To improve the balance between the characteristics of the two groups, we can __trim__ the data by excluding extreme values of the propensity score.

In [0]:
# To trim the data and exclude extreme propensity scores
causal.trim_s()
causal.cutoff

<br>

The optimal cutoff ($\alpha$) suggested by the package is shown above.
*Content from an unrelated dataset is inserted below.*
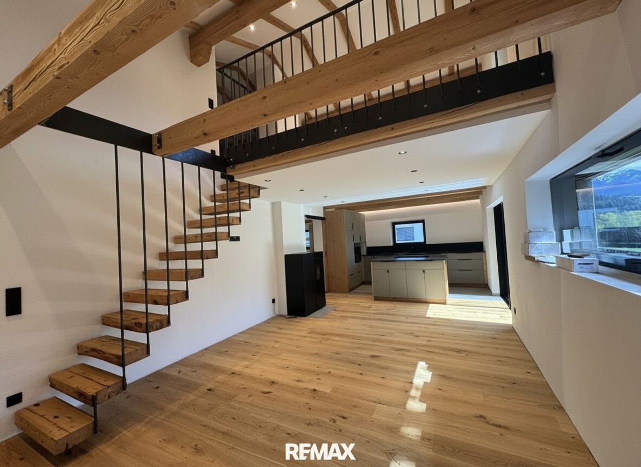 Ein echtes Highlight ist die stilvolle Galerie, die zusätzlichen Raum für Wohnen, Arbeiten oder Entspannen bietet und dem Objekt ein modernes Loft-Flair verleiht. Verbunden wird sie durch eine hochwertige Altholztreppe, die dem Wohnraum eine besondere, natürliche Note gibt.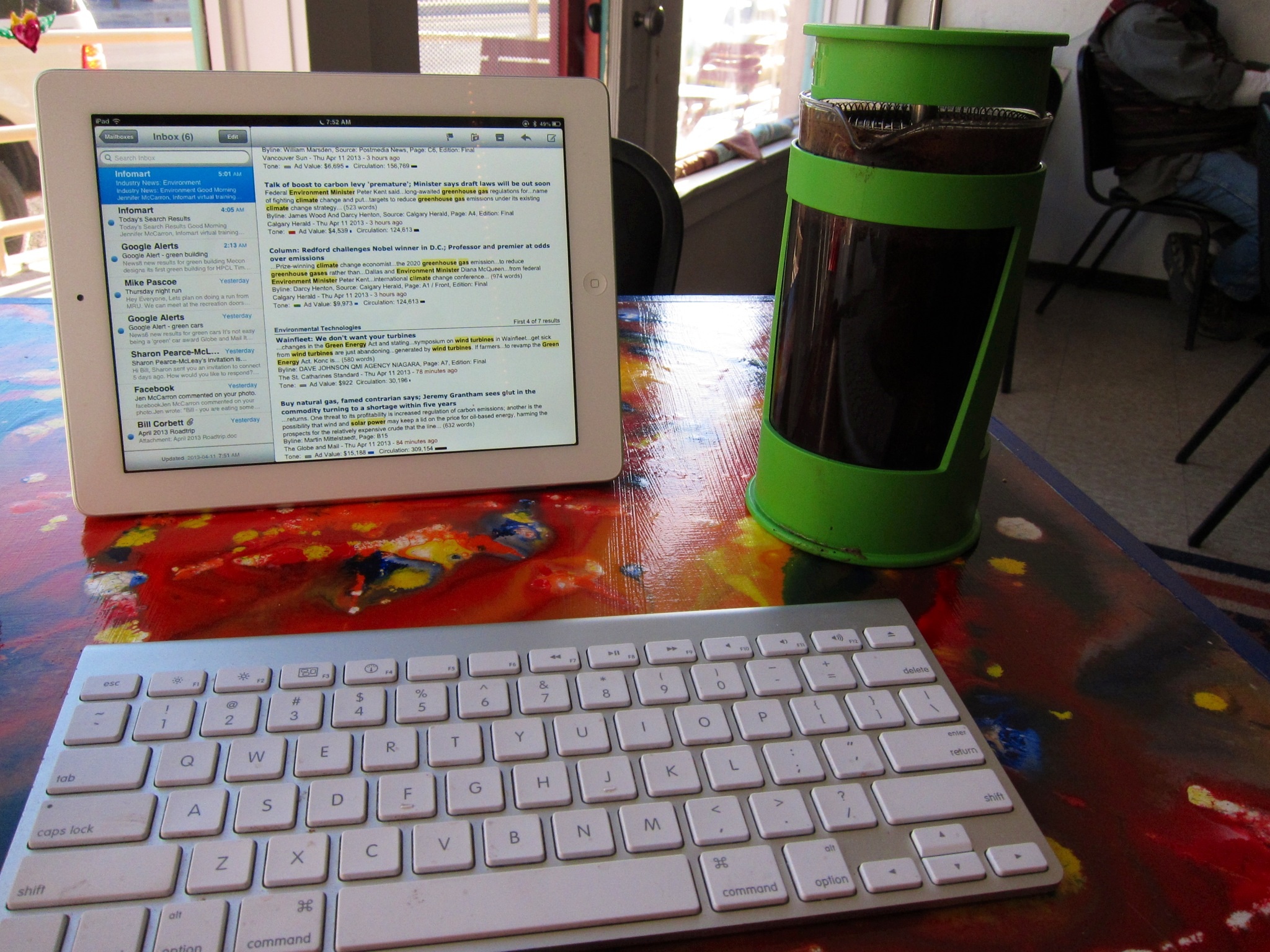 I’m typing away on my iPad in a coffee shop while drinking a big pot of French press coffee. “You’re wired,” a woman says. Yes and yes.

This means it has dropped observations outside the interval [$\alpha$, 1 - $\alpha$]. Let's show the summary statistics table again to see what happened.

In [0]:
print(causal.summary_stats)

Now that we have the propensity scores, we can __stratify__ the sample into blocks that have units that are more similar in terms of their covariates.

This will make the treatment and the control groups more comparable within each propensity bin, therefore creating a more convincing counterfactual. 

In [0]:
# The default is blocks = 6
causal.stratify_s()
print(causal.strata)

In [0]:
causal.est_via_ols()
causal.est_via_blocking()
causal.est_via_matching(bias_adj=True) ## One-to-one nearest neighbour matching is default

print(causal.estimates)


As we control for the covariate imbalance, the treatment effect converges to zero. 

* This is not the result obtained in the paper using the 25 million observations. But it is good to highlight how sensitive the results are to sampling bias.
* Also, might be due to the fact that I forced the sampling of the 10k observation to have 50% of the examples experiencing a conversion.